TASK BRIEF
Without including any pictures, write out the listing below exactly.

(DATASET SECTION begins)

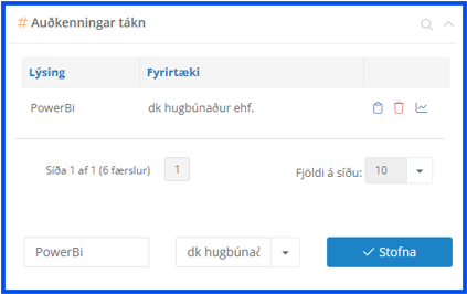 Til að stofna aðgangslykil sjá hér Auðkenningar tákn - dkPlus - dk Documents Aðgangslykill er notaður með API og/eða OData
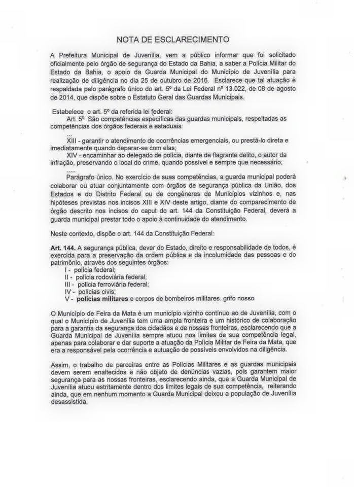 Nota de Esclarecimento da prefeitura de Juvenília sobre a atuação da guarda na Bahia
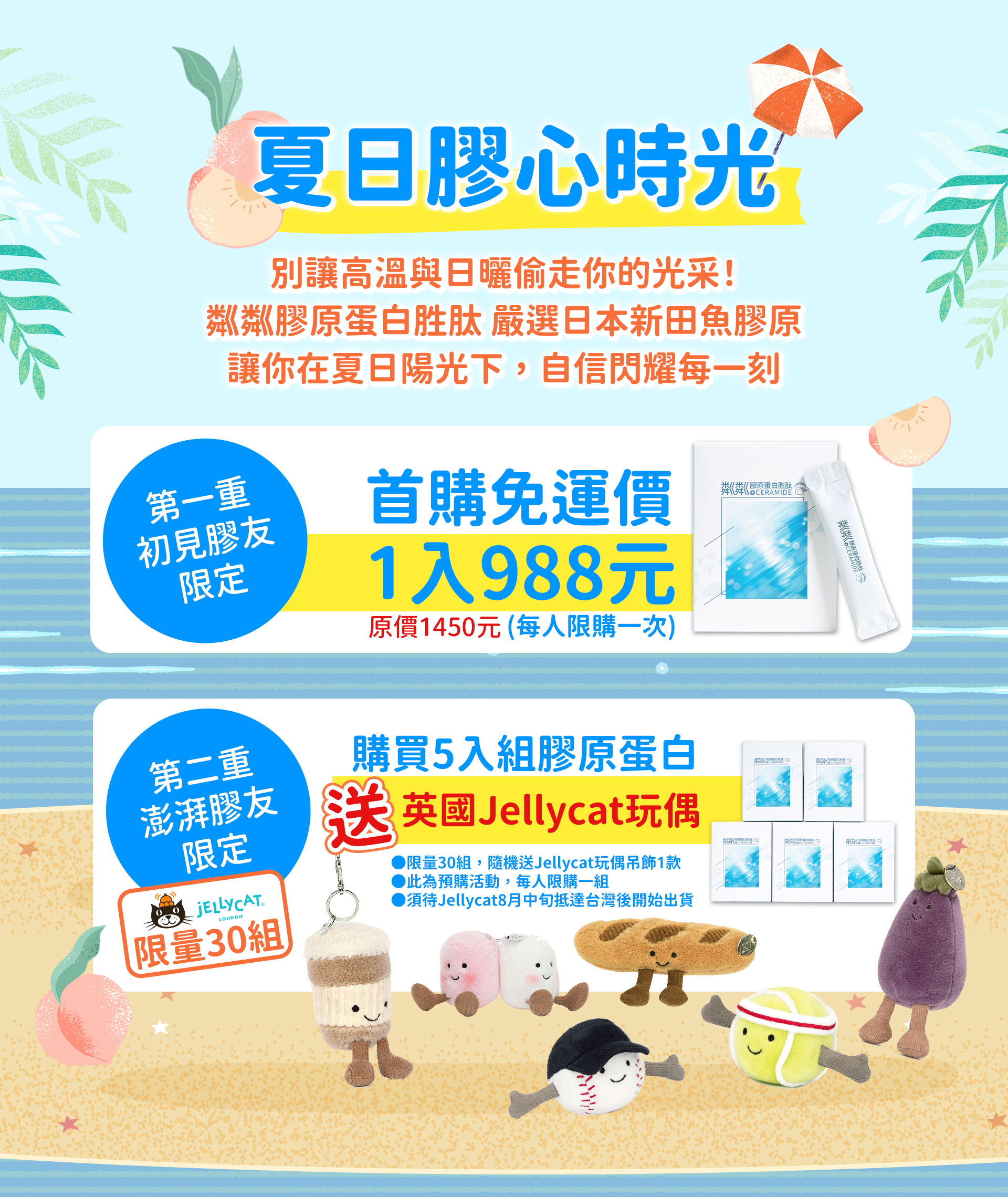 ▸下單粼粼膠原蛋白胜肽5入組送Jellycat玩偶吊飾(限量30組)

(DATASET SECTION ends)

ANSWER BELOW
 Til að stofna aðgangslykil sjá hér Auðkenningar tákn - dkPlus - dk Documents Aðgangslykill er notaður með API og/eða OData
 Nota de Esclarecimento da prefeitura de Juvenília sobre a atuação da guarda na Bahia
 ▸下單粼粼膠原蛋白胜肽5入組送Jellycat玩偶吊飾(限量30組)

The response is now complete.